17. Kesaksian Konsumen (testimony): (a) Pemberian
kesaksian hanya dapat dilakukan atas nama perorangan, bukan mewakili lembaga,
kelompok, golongan, atau masyarakat luas. (b) Kesaksian konsumen harus
merupakan kejadian yang benar-benar dialami, tanpa maksud untuk
melebih-lebihkannya. (c) Kesaksian konsumen harus dapat dibuktikan dengan
pernyataan tertulis yang ditanda tangani oleh konsumen tersebut. (d) Identitas
dan alamat pemberi kesaksian jika diminta oleh lembaga penegak etika, harus
dapat diberikan secara lengkap. Pemberi kesaksian pun harus dapat dihubungi
pada hari dan jam kantor biasa.
18. Anjuran (endorsement): (a) Pernyataan, klaim
atau janji yang diberikan harus terkait dengan kompetensi yang dimiliki oleh
penganjur. (b) Pemberian anjuran hanya dapat dilakukan oleh individu, tidak
diperbolehkan mewakili lembaga, kelompok, golongan, atau masyarakat luas.
19. Perbandingan: (a) Perbandingan langsung dapat
dilakukan, namun hanya terhadap aspek-aspek teknis produk, dan dengan kriteria
yang tepat sama. (b) Jika perbandingan langsung menampilkan data riset, maka
metodologi, sumber dan waktu penelitiannya harus diungkapkan secara jelas.
Pengggunaan data riset tersebut harus sudah memperoleh persetujuan atau
verifikasi dari organisasi penyelenggara riset tersebut. (c) Perbandingan tak
langsung harus didasarkan pada kriteria yang tidak menyesatkan khalayak.
20. Perbandingan Harga: Hanya dapat dilakukan
terhadap efisiensi dan kemanfaatan penggunaan produk, dan harus diserta dengan
penjelasan atau penalaran yang memadai.
21. Merendahkan: Iklan tidak boleh merendahkan
produk pesaing secara langsung maupun tidak langsung.
22. Peniruan: (a)
Iklan tidak boleh dengan sengaja meniru iklan produk pesaing sedemikian
rupa sehingga dapat merendahkan produk pesaing, ataupun menyesatkan atau
membingungkan khalayak.
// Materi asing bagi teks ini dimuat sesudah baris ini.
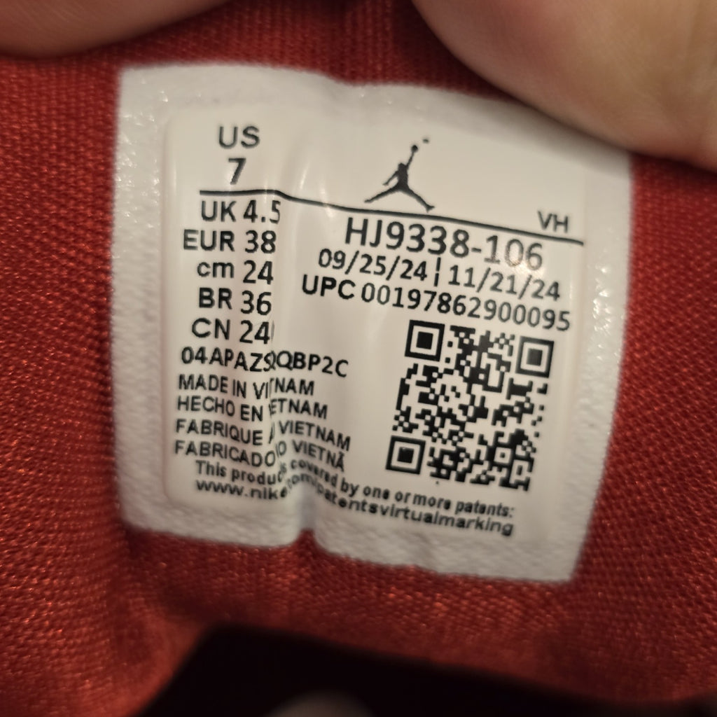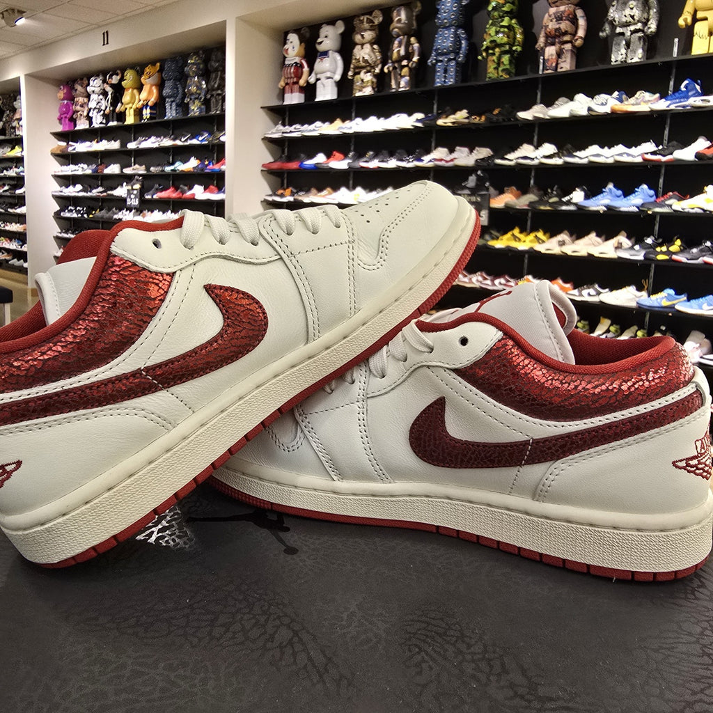 The product is a Size 7 Air Jordan 1 Low Ruby Women's sneaker. It features a low top shoe shaft style, ivory color with a leather upper material, and belongs to the Air Jordan product line. The sneaker is designed specifically for athletic use, with a ruby character theme that adds a unique touch to the design. Perfect for women who want a stylish and comfortable shoe for various activities or everyday wear.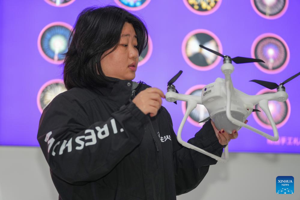 A staff member of a local firework company introduces a drone which has the ability to carry fireworks in Liuyang City, central China's Hunan Province, Jan. 7, 2025. Liuyang, a county-level city in Changsha, capital of central China's Hunan Province, is deemed the world's fireworks hub. (Xinhua/Chen Zeguo)

Peniruan tersebut meliputi baik ide dasar, konsep atau
alur cerita, setting, komposisi musik maupun eksekusi. Dalam pengertian
eksekusi termasuk model, kemasan, bentuk merek, logo, judul atau subjudul,
slogan, komposisi huruf dan gambar, komposisi musik baik melodi maupun lirik,
ikon atau atribut khas lain, dan properti. (b) Iklan tidak boleh meniru ikon
atau atribut khas yang telah lebih dulu digunakan oleh sesuatu iklan produk
pesaing dan masih digunakan hingga kurun dua tahun terakhir.
23. Istilah Ilmiah dan Statistik: Iklan tidak
boleh menyalahgunakan istilah-istilah ilmiah dan statistik untuk menyesatkan
khalayak, atau menciptakan kesan yang berlebihan.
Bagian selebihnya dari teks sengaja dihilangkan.